Verify if the following propositions are true or false.
Proposition 1 $$B\subset A \text{ is closed in A}\Longleftrightarrow B=C \cap A \,\,\,\,\,(C\text{ open in }E)$$
Proposition 2 $$B\subset A \text{ is open in A}\Longleftrightarrow B=O \cap A \,\,\,\,\,(O\text{ open in }E)$$
I am fairly certain Proposition 1 is true, however I am not so certain about Proposition 2.
I feel it is $O\cap A$ insead of $O \cup A$.
Any verification is appreciated.
I cannot remember which textbook I extracted these from.
Propostion 2: (properly restated as) "if $B \subset A$ then $B$ is open in $A \iff $ there is a set $C$ that is open in $X$ so that $B = C \cap A$" is simply the definition of open in a subspace $A \subset X$.
So it is true because it is a definition.
(EDIT: ERK ... not entirely true. But close. For Topological spaces in general, this is a definition.

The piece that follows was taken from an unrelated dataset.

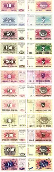The first issues were overprinted on Yugoslav banknotes. In November 1992, 10 dinar banknotes were overprinted with denominations of 100,000 dinars.[2] After suffering from high inflation, a second dinar was introduced in August 1994, replacing the first at a rate of 1 "new" dinar = 10,000 "old" dinara. Both these dinars were restricted in their circulation to the areas under Bosniak control. The Croat areas used the Croatian dinar and kuna, whilst the Serb areas used the Republika Srpska dinar.

For a metric space this is a proposition but easy to prove.)
(In a metric space $X$ a *neighborhood, $B_r(x)$ is defined $\{y\in X|d(x,y) < r\}$. So if $A \subset X$ is a subspace with the same metric then if $C_r(x) = \{y\in A|d(x,y) < r\}$ is a neighborhood in space $A$ of a point $x\in A$. Then $C_r(x) \subset B_r(x) = \{y\in X|d(x,y) < r\}$, a neighborhood *in space $X$.)

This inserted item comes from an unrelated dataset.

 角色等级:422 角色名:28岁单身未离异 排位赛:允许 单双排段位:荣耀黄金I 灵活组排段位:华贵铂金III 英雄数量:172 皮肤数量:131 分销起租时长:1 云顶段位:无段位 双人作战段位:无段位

(Thus everything we can conclude about neighborhoods in $X$ will apply to the "subneighborhoods" restricted to $A$. Hence the properties of whether sets are open and closed will be "inherited" from $X$.)
Proposition 1: is simply obviously false. If you take an open set $C$ and intersect it with $A$ there is utterly no reason that that $B = C \cap A$ will be closed when $C$ was open.
It's easy to come up with counter examples. Let $X = \mathbb R$. $A = [0,\infty)$, $C = (1,2)$. Then $B = C \cap A= (1,2)$ is certainly not closed it $A$.